Can Dündar, the Cumhuriyet daily’s editor-in-chief hugs his wife Dilek, after being freed from Silivri prison in Istanbul. Photograph: Vedat Arik/AFP/Getty Images
With a ruling by Turkey’s Constitutional Court, journalists Can Dündar and Erdem Gül have been released from pre-trial detention in a case that potentially could have resulted in terms of life in prison.
The constitutional court, which convened to discuss the journalists’ individual petitions, ruled that their “rights to personal liberty and security had been violated”, the court said in a statement on its website.
“Their freedom of expression and freedom of press” was also violated, it added, ruling to send the dossier to the lower court for “the removal of violation”.
The decision was overwhelmingly approved with 12 votes for and three against, Turkish media reports said.

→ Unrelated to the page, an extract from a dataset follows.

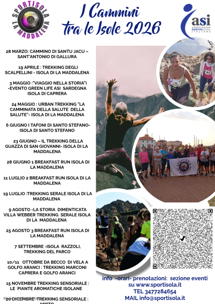 Sportisola La Maddalena è più di una ASD: nasce a La Maddalena (SS) nel 2016 per promuovere sport ed attività all’aria aperta, alla scoperta di un paesaggio ambientale e naturalistico che non solo mare e spiaggia.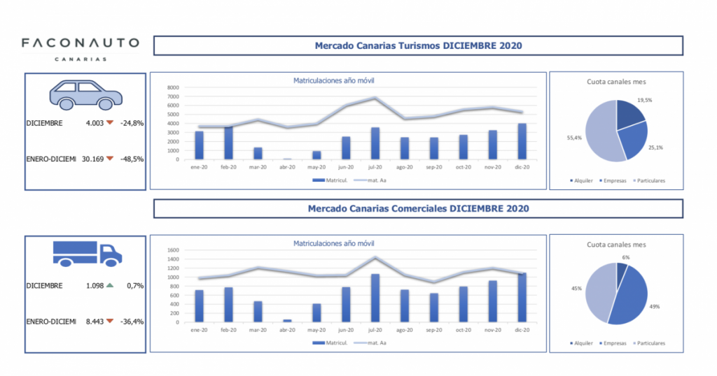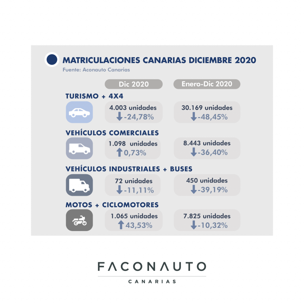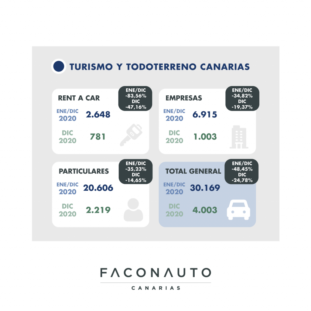 - Durante el 2020, en Canarias se han vendido 30.169 turismos y todoterrenos frente a los 58.527, lo que representa un 48% de caída en este segmento.

Their case had been highlighted in Amnesty’s 2015 report:
In November, the [Cumhuriyet’s] editor-in-chief Can Dündar and its Ankara representative, Erdem Gül, were charged with espionage, revealing state secrets and assisting a terrorist organization after a story in the newspaper alleged that the intelligence services had transferred weapons to an armed group in Syria in 2014. The then Prime Minister Recep Tayyip Erdoğan had previously claimed that the trucks were delivering humanitarian aid. The two men were remanded in pre-trial detention and remained there at the end of the year. They faced up to life imprisonment if convicted.
Their release today is welcome news at a time when there is little to celebrate in Turkey’s record on human rights. Nonetheless, it should not camouflage the larger reality. The government continues to exert “immense pressure on the media.” Journalist who are critical of the government are routinely subjected to harassment, and sometimes, “attacks by unknown assailants.” According to Amnesty International, “news websites, including including large swathes of the Kurdish press, were blocked on unclear grounds by administrative orders aided by a compliant judiciary.” Journalists covering stories in south eastern Turkey “were harassed and assaulted by police.”
Indeed, even as I write this blog, I see news (which I have not yet confirmed) that another opposition news channel has been taken off the air.
Turkey: On the day two jailed journos are released, opposition tv @imc_televizyonu is taken off air #pressfreedom https://t.co/aGgq5AIRpY
— Selin Girit (@selingirit) February 26, 2016
The release of Can Dündar and Erdem Gül should be celebrated. But we mustn’t lose sight of the larger reality. Attacks on the press freedom continue apace in Turkey.